Artwork
The Departure of the Prodigal Son

The Departure of the Prodigal Son is an ink drawing by the Renaissance artist Karel van Mander I. It dates from 1577 and is held in the collection of the National Gallery of Art.
About this work
Overview
Karel van Mander I’s drawing titled *The Departure of the Prodigal Son* was executed in 1577. Rendered on laid paper with pen, brown ink, and a brown wash that is intensified in places with white highlights, the work measures as a single sheet drawing.
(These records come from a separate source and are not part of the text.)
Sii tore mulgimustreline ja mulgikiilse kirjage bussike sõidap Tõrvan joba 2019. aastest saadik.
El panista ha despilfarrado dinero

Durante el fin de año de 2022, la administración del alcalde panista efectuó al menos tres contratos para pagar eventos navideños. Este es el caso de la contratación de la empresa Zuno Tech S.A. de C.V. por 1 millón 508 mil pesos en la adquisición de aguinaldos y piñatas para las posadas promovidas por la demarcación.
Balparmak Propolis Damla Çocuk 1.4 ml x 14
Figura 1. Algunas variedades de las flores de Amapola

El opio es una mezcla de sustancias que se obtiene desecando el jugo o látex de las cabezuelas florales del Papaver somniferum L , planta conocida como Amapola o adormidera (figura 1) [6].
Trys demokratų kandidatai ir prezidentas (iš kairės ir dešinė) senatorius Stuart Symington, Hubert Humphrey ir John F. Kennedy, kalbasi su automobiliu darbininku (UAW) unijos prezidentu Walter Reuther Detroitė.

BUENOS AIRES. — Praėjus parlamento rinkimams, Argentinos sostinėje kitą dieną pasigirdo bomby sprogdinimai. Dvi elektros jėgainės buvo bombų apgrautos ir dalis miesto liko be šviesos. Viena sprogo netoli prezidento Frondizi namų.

It records a moment of movement within an architectural courtyard, capturing a narrative episode through a compact, sketch‑like composition.
Subject & Meaning
The scene depicts a small procession exiting a courtyard: a man wearing a broad‑brimmed hat leads a dog, while another figure in a long cape walks ahead, and a woman in an elaborate dress observes from the periphery. The surrounding walls are adorned with miniature paintings and statues, and a balcony holds potted plants and vases, suggesting a domestic setting that frames the act of departure, possibly alluding to the biblical parable of the prodigal son.
Technique & Style
Van Mander employs rapid, gestural strokes of pen and ink, allowing the forms to suggest motion rather than detail.
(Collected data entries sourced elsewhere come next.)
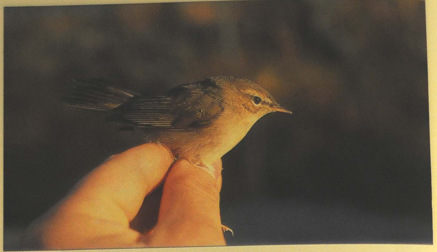
Haliaksella päästiin ihastelemaan ruskounilintua ( Phylloscopus fuscatus ).

Valkoselkätikkoja havaittiin syksyn aikana yhteensä hurjat 9 muuttavaa ja 5 paikallista. Niitä rengastettiin yhteensä 6, joista kolme 15.10. Rengastetuista linnuista 5 oli nuoria naaraita ja yksi nuori koiras. Ensimmäi-
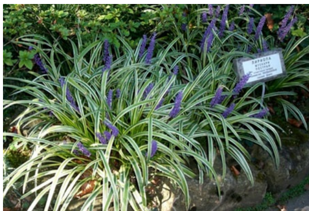
Рис. 5. Liriope muscari 'Variegata' в озеленении СБСК (Сочи, 2014).

Fig. 4. Ophiopogon japonicus in street composition (Sochi, 2015).
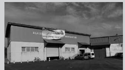
Gaztetxean izango dira eskolak.

Antolatzaileak: Usurbilgo gazte talde bat.

Van Mander employs rapid, gestural strokes of pen and ink, allowing the forms to suggest motion rather than detail. Cross‑hatching creates tonal depth, while the brown wash provides a muted atmospheric background. Selective white highlights accentuate the figures’ outlines and the architectural elements, giving the drawing a sense of immediacy and emotional tension characteristic of late‑sixteenth‑century Northern European sketching.
History & Provenance
The drawing was produced in 1577, during the early phase of van Mander’s career when he was active in the Netherlands. Although its later ownership trail is not fully documented, the work has been catalogued among his surviving drawings and is referenced in scholarly inventories of his oeuvre, confirming its attribution to the elder Karel van Mander.